In other words, the “Great Retirement” of 2021 and 2022 has transformed into what some labor economists call the “Great Remain,” a job market with lower levels of hiring, retirement, and layoffs.
“Pandemic-era labor market disruptions are increasingly in the rearview mirror,” said Julia Pollack, chief economist at ZipRecruiter.
How has the job market changed?
Employers rushed to hire as the U.S. economy restarted from a coronavirus-induced lull. As companies compete for talent, the number of job openings has increased to historic levels, unemployment has fallen to its lowest level since the late 1960s, and wages have grown at the fastest pace in decades.
More than 50 million workers will quit their jobs in 2022, breaking the record set the previous year, attracted by more fulfilling job opportunities in other countries.
However, the labor market is gradually cooling down.

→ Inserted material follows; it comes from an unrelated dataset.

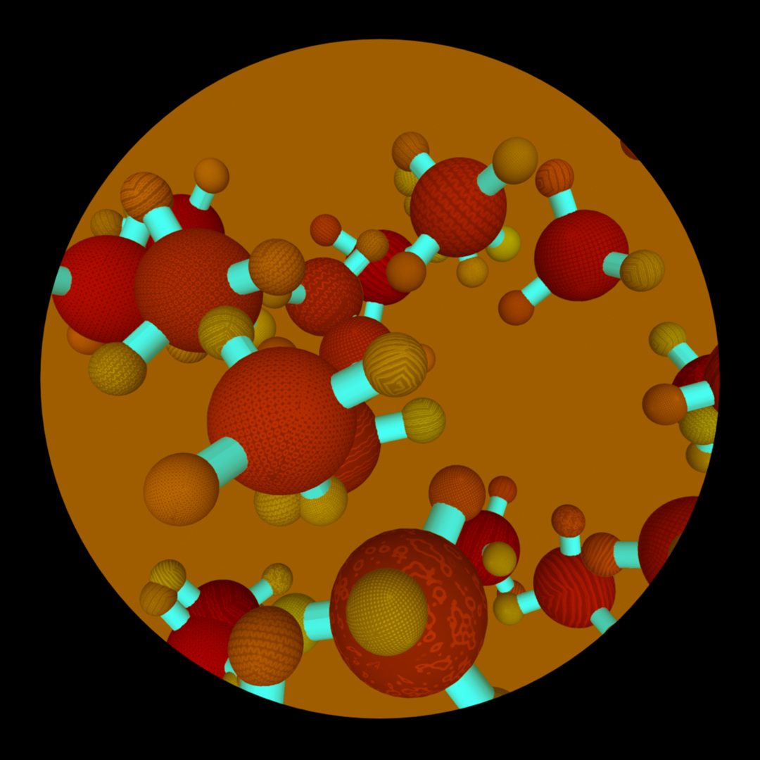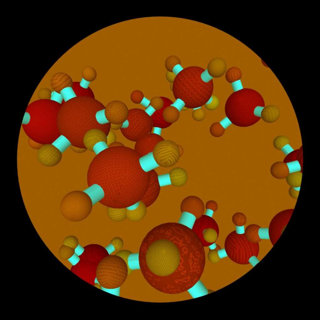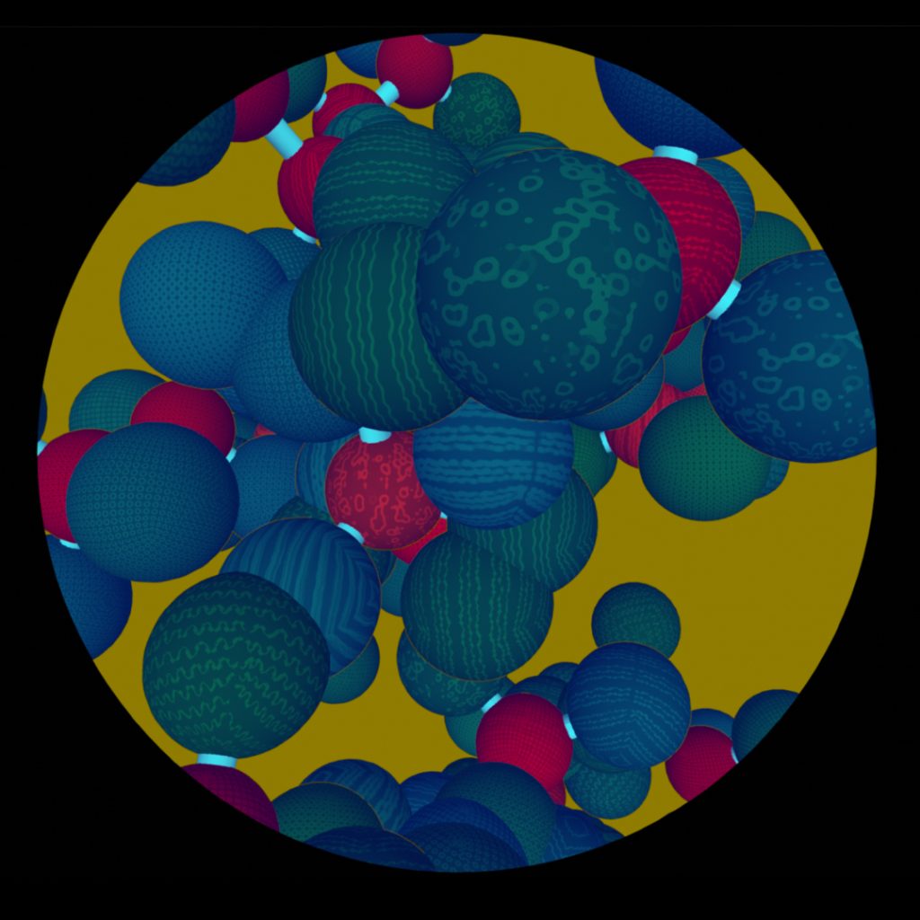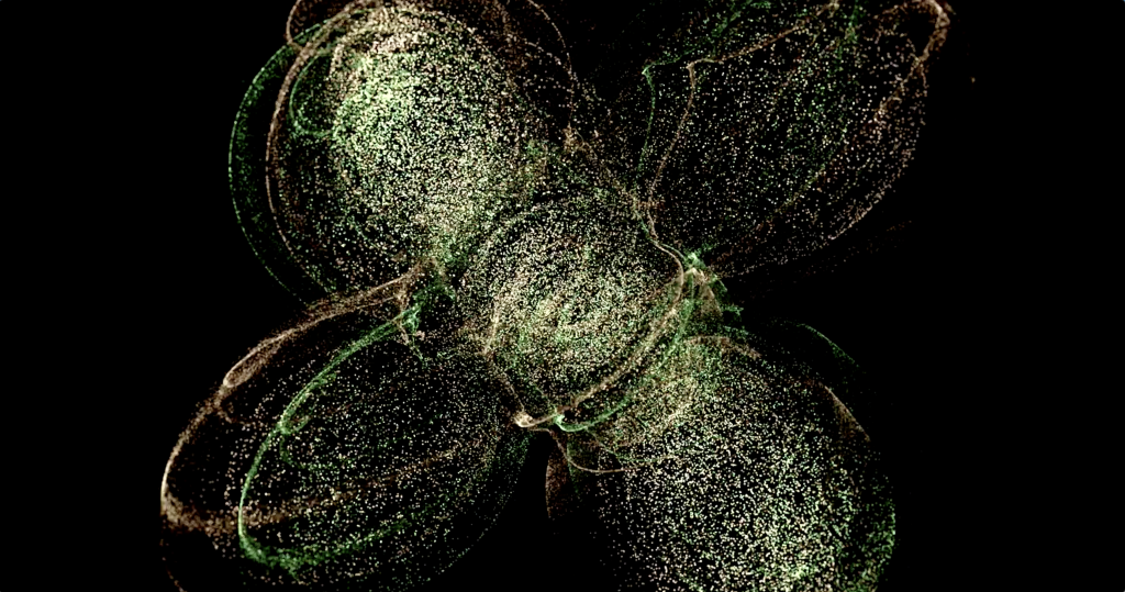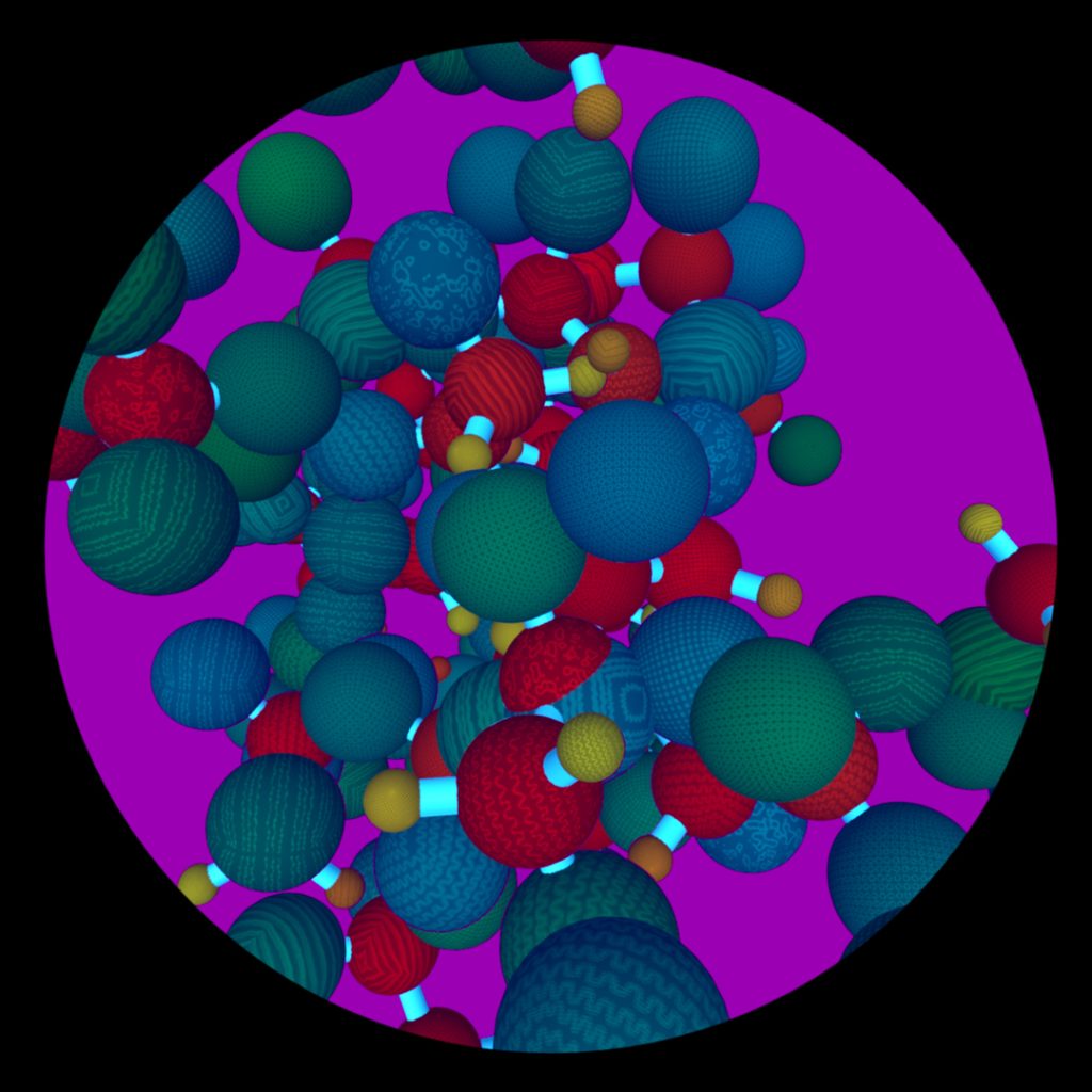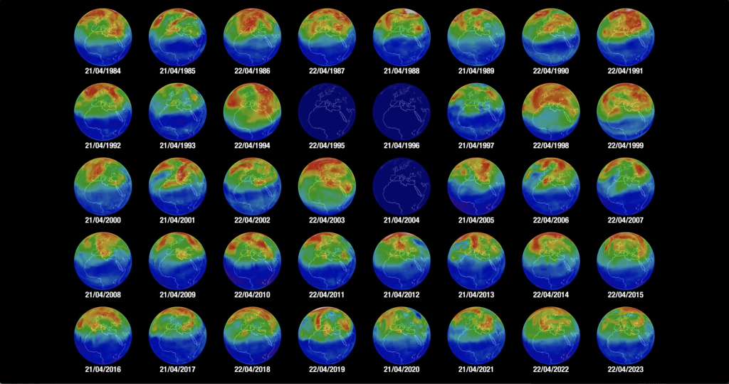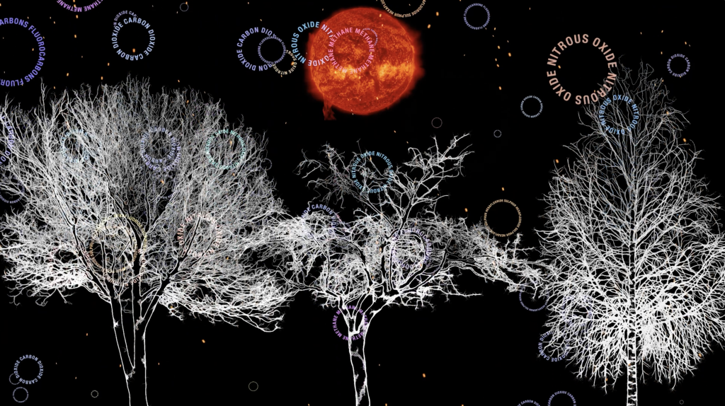In the work, we see the ozone layer above the earth changing over time, and the carbon atom as a spinning cloud of electrons. The science of climate change is represented through beautiful and dynamic visuals.

Alison Shrivastava, an economist at job site Indeed, said that job turnover “reached a feverish peak in 2022 and is now below where it was before the pandemic began.”
Hiring rates have slowed to the lowest level since 2013, excluding the early days of the pandemic. However, the number of layoffs remains low by historical standards.
This dynamic of more people staying in their jobs despite low layoffs and unemployment rates “suggests that as more employees stay in their current jobs, employers continue to retain their workforce.” said Shrivastava.
Great reason for a great stay
ZipRecruiter’s Pollack said employer “scars” are a major factor in so-called great stays.
Companies are now reluctant to lay off employees, having struggled to hire and retain them just a few years ago.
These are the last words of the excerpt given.